Assignment: For the entries that follow, retype exactly the lines from the one containing "Contemporary neutral toned" to the one containing "Obraz premium Set", inclusive, and only those. Images stay out of the copy.
[Exercise materials]
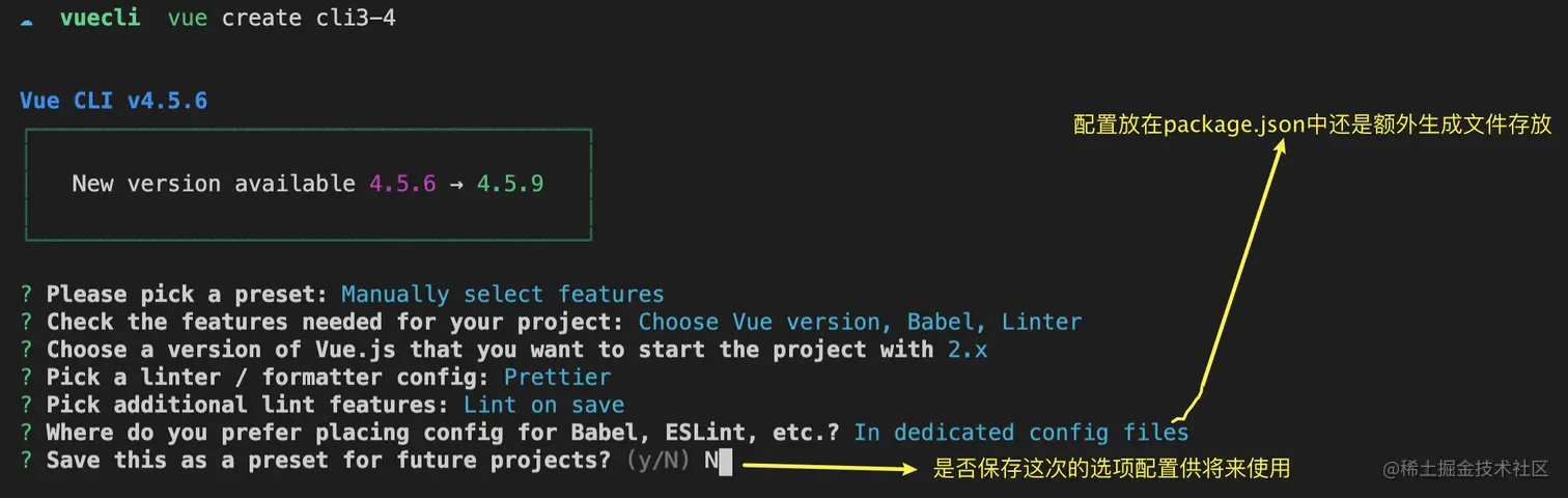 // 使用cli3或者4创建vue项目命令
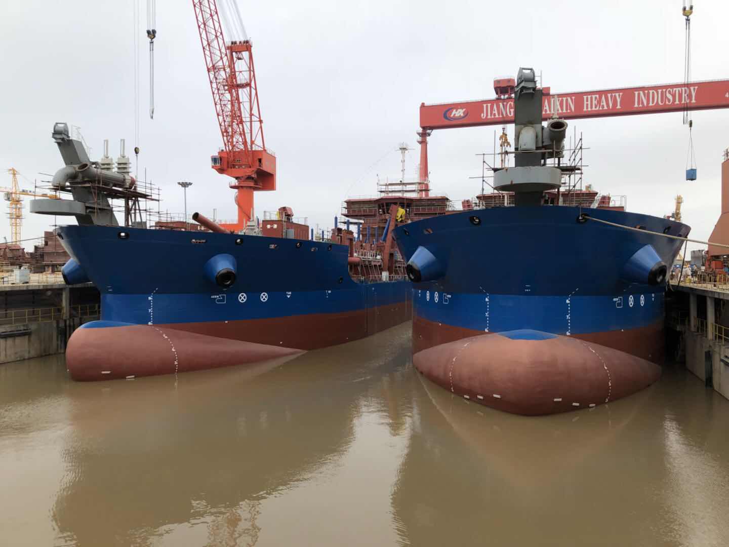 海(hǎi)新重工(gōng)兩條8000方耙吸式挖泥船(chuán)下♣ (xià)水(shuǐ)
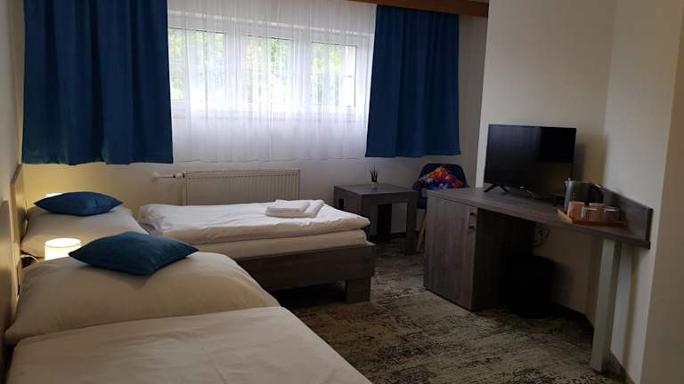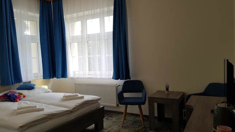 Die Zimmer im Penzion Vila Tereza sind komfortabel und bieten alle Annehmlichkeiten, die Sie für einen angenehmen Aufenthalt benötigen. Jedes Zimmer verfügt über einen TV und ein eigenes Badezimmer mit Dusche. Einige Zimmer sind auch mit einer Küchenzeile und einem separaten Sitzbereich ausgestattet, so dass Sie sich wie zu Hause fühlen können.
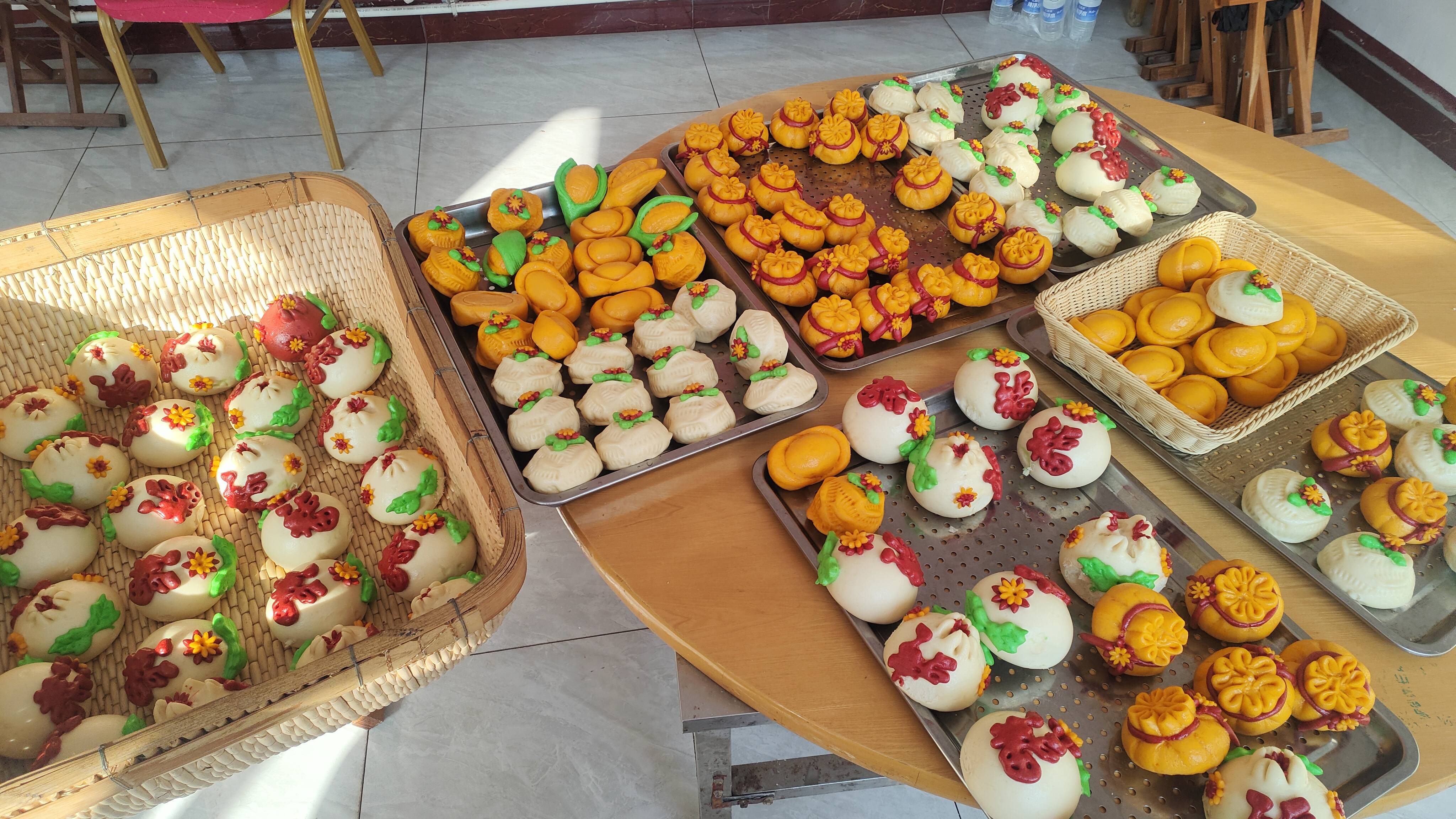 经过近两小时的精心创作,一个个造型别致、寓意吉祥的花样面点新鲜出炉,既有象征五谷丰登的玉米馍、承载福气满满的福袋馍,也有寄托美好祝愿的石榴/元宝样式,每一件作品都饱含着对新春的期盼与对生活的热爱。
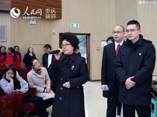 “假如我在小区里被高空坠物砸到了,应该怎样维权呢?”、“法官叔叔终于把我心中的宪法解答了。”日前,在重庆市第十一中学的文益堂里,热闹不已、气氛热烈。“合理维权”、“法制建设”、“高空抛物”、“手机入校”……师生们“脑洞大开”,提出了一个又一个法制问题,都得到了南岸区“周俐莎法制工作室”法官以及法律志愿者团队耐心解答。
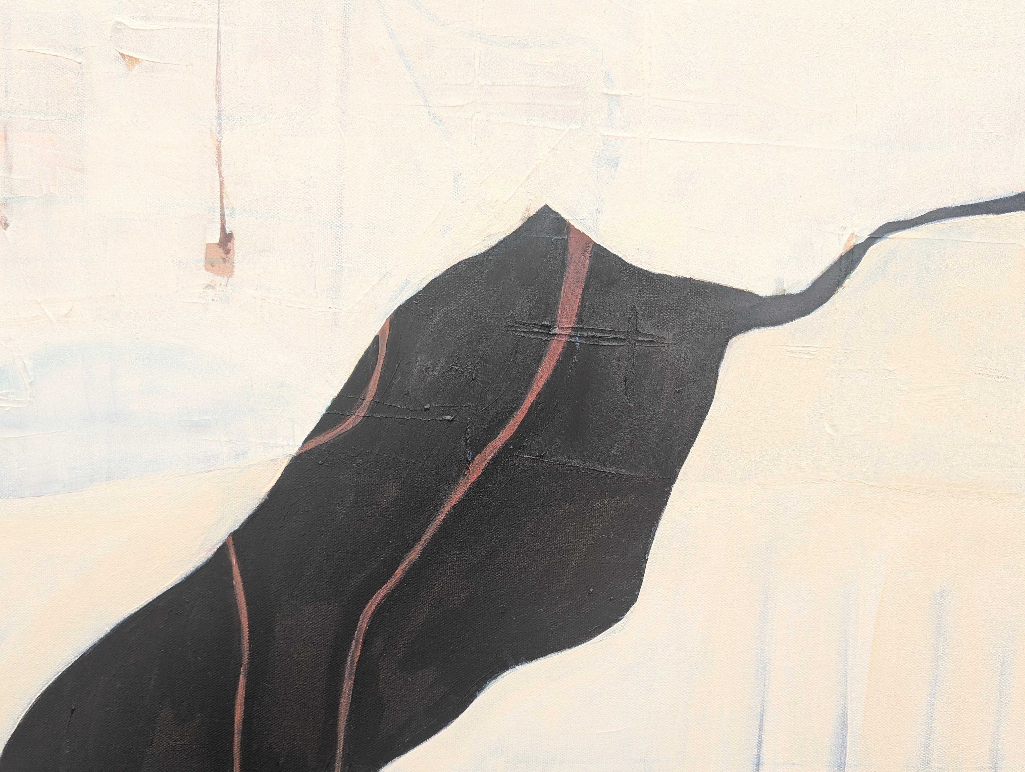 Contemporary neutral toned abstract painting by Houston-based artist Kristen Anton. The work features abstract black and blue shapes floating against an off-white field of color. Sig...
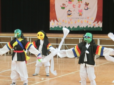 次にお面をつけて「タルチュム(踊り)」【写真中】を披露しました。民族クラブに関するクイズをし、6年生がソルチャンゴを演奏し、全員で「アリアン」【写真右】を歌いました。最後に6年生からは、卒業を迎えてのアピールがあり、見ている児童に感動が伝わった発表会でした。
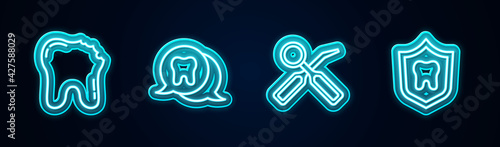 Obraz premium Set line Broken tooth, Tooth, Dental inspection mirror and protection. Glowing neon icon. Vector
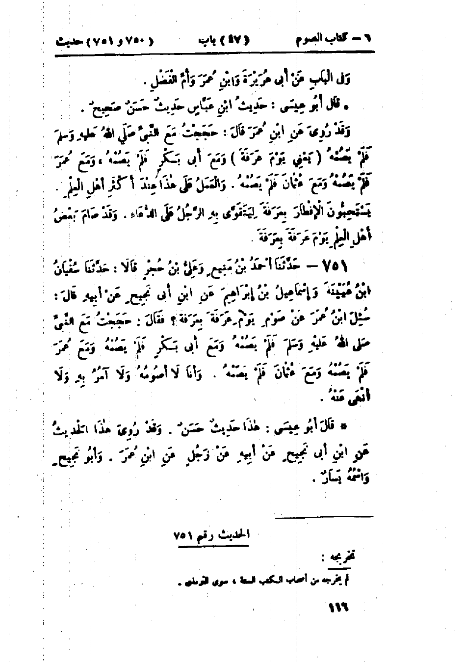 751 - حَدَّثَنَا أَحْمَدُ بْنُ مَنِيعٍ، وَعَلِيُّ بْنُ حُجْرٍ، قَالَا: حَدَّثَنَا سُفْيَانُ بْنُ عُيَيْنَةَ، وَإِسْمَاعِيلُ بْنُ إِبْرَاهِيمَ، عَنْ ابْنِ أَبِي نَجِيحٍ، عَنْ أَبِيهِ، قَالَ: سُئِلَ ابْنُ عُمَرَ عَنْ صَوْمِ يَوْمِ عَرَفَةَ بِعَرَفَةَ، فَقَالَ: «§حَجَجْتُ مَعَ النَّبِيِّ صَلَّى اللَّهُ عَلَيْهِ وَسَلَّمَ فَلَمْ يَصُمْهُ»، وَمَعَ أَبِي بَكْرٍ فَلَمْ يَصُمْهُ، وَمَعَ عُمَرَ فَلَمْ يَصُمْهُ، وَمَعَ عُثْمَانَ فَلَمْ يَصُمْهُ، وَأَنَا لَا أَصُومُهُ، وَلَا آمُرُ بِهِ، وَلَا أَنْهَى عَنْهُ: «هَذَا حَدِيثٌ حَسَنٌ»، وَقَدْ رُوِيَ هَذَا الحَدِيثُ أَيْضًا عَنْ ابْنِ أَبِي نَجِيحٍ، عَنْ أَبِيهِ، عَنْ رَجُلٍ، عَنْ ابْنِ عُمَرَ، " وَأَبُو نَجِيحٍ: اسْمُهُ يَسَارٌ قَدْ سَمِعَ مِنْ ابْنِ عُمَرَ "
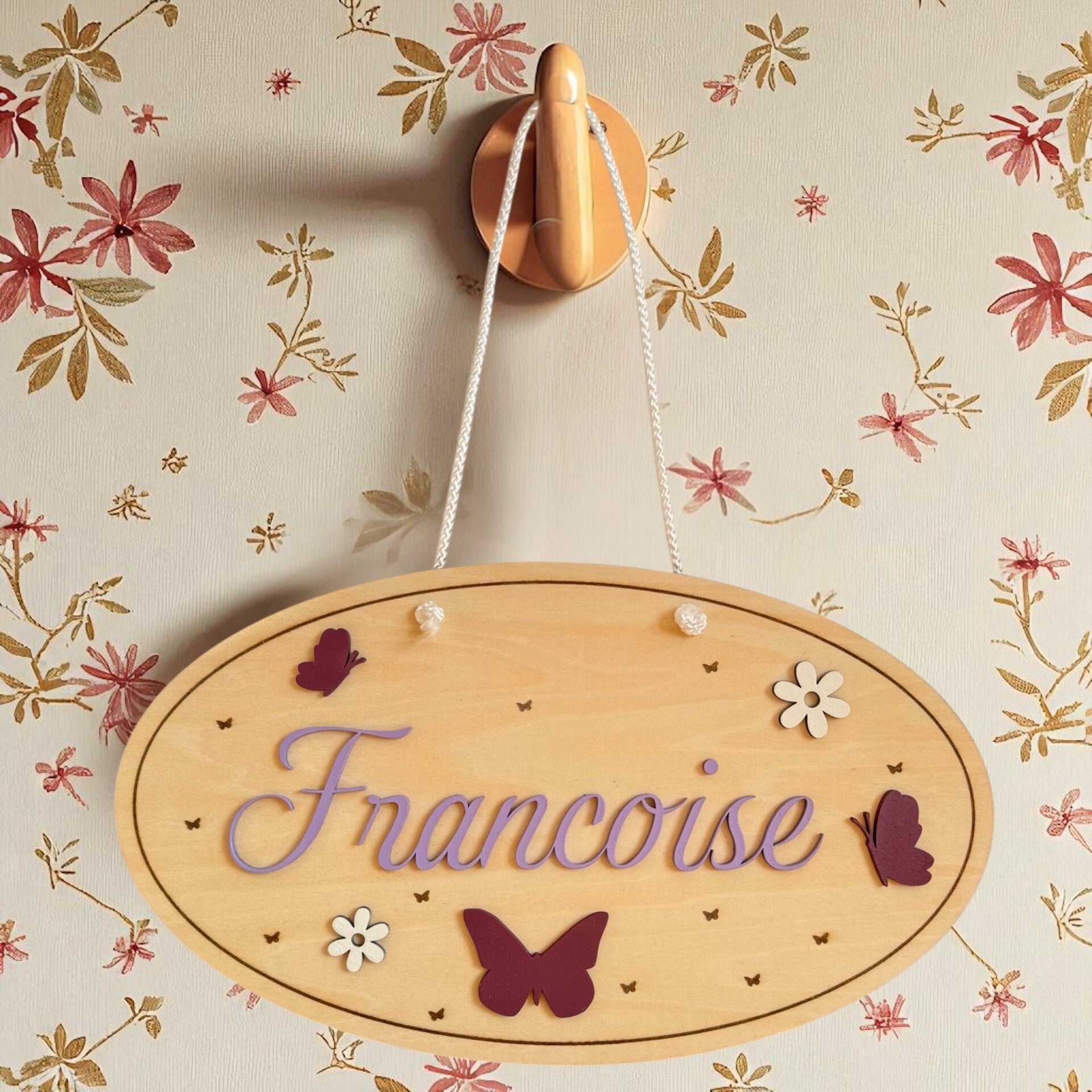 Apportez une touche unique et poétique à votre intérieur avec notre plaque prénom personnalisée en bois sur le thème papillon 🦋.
[/Exercise materials]
Task answer:
 Contemporary neutral toned abstract painting by Houston-based artist Kristen Anton. The work features abstract black and blue shapes floating against an off-white field of color. Sig...
 次にお面をつけて「タルチュム(踊り)」【写真中】を披露しました。民族クラブに関するクイズをし、6年生がソルチャンゴを演奏し、全員で「アリアン」【写真右】を歌いました。最後に6年生からは、卒業を迎えてのアピールがあり、見ている児童に感動が伝わった発表会でした。
 Obraz premium Set line Broken tooth, Tooth, Dental inspection mirror and protection. Glowing neon icon. Vector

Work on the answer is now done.